Kein Problem, sagte sie, lass uns ins Büro fahren und mal zusammentragen, was wir so haben.
Kapitel 2
Nahe Beirut, Spätsommer 1982
Der große Ball der Sonne, der den Tag über die staubigen, mit Abfällen übersäten Straßen mit fast unerträglicher Hitze durchdrungen hatte, begann langsam, eine rötliche Färbung anzunehmen. Er war zwar noch ein gutes Stück vom Horizont, entfernt, doch die schmutzerfüllte Luft konnte ihm schon jetzt ein wenig von seinem grellen Strahlen und seiner unerbittlichen Glut abringen. Immerhin war das Hitzeflimmern, das bis eben über den schäbigen Blechbaracken und provisorischen Lehmziegelverschlägen erkennbar gewesen war, schon fast nicht mehr auszumachen. Doch selbst wenn ein kleiner Luftzug den feinen Staub aufwirbelte und dadurch mit den Augen wahrnehmbar wurde, brachte er kein bisschen Kühlung. Zu warm war die Luft, zu warm war der hartgetretene Lehmboden, als dass ein solch sanfter Hauch spürbar zur Abkühlung hätte beitragen können. Trotzdem waren viele Menschen unterwegs. Im Freien, und wenn man ein Plätzchen im Schatten finden konnte, war es immer noch angenehmer als in den Schuppen und Verschlägen, die für die Menschen hier als Unterkunft dienten und den meisten Kindern das einzige Gefühl von Heimat und Geborgenheit boten. Die Kleinsten unter ihnen, die hier geboren wurden oder bei ihrer Ankunft zu jung waren, um sich zu erinnern, kannten nichts anderes. Für sie war das Leben hier an diesem Fleck normal und sie hatten sich leichter an die Umstände angepasst als jene, die aus ihrer Heimat vertrieben wurden oder aus Furcht vor Terror und Tod ihr Hab und Gut aufgegeben hatten, in der Hoffnung, hier ein besseres, vor allem sichereres Leben beginnen zu können. Doch diese Hoffnung war bei den Meisten von der brutalen Realität geradezu hinweggefegt worden; dieser Platz, einst nur als vorübergehende Station angesehen, wurde von vielen längst resigniert als Endstation akzeptiert.

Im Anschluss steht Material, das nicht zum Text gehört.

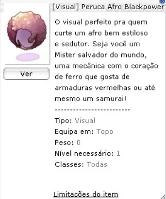 Tipo:Visual Equipa em:Topo Peso:0 Nível necessário:1 Classes:Todas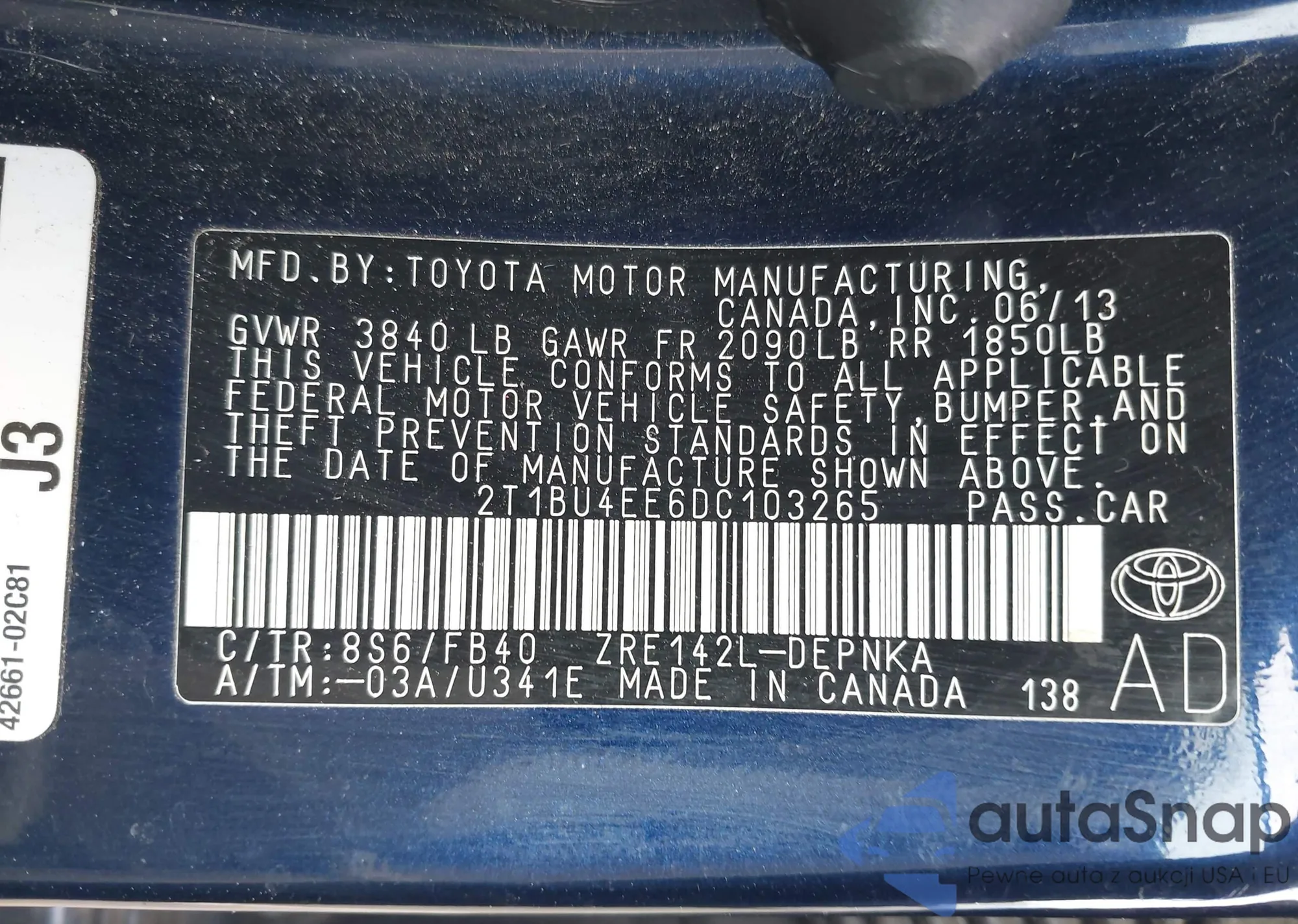 VIN: 2T1BU4EE6DC103265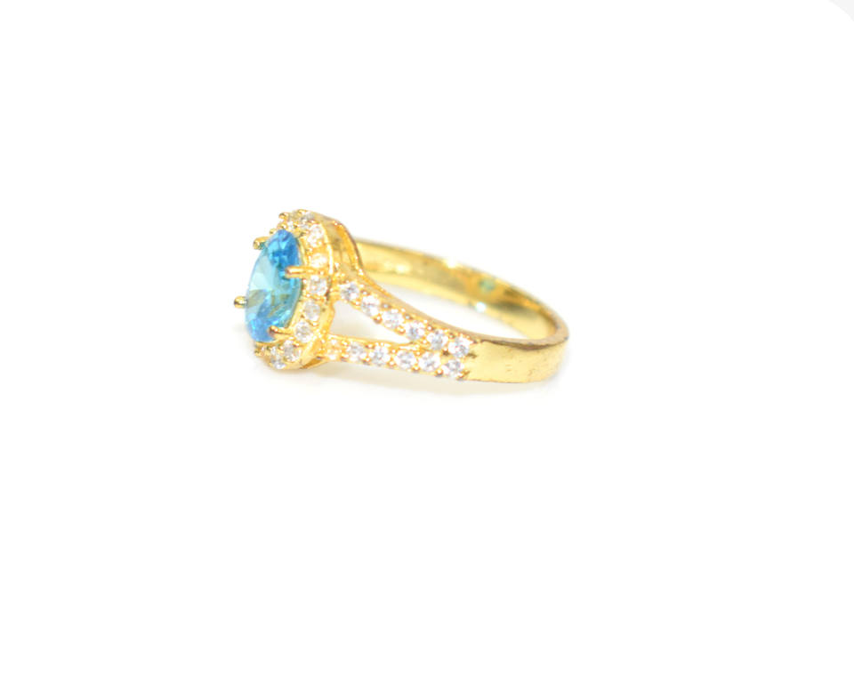 พลอยบุษราคัมสีฟ้ารูปไข่ลูกบาศก์เซอร์โคเนียชุบทองของขวัญวันวาเลนไทน์สำหรับคนที่คุณรักแหวนแฮนด์เมด

Eine Gruppe von Kindern, in etwa zwischen acht und dreizehn Jahren alt, spielte auf einem freien Stück Land, wo noch keine Baracken errichtet worden waren, mit einem aus Plastiktüten, Folien und Klebebändern zusammengeschusterten Ball. Die Kinder hatten bei ihrem Spiel, das sie barfuß und mit schmutziger, eher Lumpen ähnelnder Kleidung mit lautem Geschrei und in wildem Getümmel vollführten, sichtlich Spaß. Ab und an brach eines der Kleineren, wenn es im rauen Geplänkel etwas zu ungestüm vom Ball getrennt oder zu Boden gestoßen wurde, in lautes Weinen aus. Doch nach wenigen Sekunden der Nichtbeachtung durch die anderen bemühte man sich, schnell wieder am Spielgeschehen teilzunehmen.

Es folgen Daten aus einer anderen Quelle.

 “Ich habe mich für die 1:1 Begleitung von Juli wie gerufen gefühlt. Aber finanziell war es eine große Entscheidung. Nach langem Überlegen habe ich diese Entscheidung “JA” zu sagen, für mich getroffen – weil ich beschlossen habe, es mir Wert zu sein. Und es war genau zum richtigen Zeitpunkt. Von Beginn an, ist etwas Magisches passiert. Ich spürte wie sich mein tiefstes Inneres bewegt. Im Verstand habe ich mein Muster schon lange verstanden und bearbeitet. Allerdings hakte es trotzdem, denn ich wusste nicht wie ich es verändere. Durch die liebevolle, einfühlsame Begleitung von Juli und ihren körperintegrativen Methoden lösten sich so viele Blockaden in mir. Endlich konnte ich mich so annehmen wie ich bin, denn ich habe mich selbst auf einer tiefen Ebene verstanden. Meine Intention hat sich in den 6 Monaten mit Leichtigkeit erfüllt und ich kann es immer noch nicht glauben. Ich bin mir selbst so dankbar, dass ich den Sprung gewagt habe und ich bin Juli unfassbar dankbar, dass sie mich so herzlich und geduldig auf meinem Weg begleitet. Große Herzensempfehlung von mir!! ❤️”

Eine Gruppe älterer Männer saß am Rand des provisorischen Spielfeldes und beobachtete amüsiert das Treiben. Ein dunkler, selbstfabrizierter Glimmstängel wanderte von Hand zu Hand. Mit rissigen Lippen sogen die Männer abwechselnd an dem unförmigen, notdürftig zusammengerollten Stück Tabak. Wenn sie ein Missgeschick beim Spiel der Kinder sahen, offenbarte ein breites Lachen so manche Lücke in den gelben, schief stehenden Zahnreihen der Männer. Wie die Kinder hatten auch sie trotz der Hitze an diesem Spätnachmittag ihre Freude. Sie diskutierten wild gestikulierend und laut, aber freundschaftlich, und klopften einander von Zeit zu Zeit auf die Schultern. Sie ließen sich auch von den Gerüchten, die seit einigen Tagen die Runde machten, nicht ihre Stimmung verderben. Die Zionisten sollen ihre Siedlung mittlerweile komplett eingeschlossen und abgeriegelt haben. Es soll unmöglich geworden sein, das Gebiet zu verlassen, schwer bewaffnet würde das Militär die Ausgänge kontrollieren.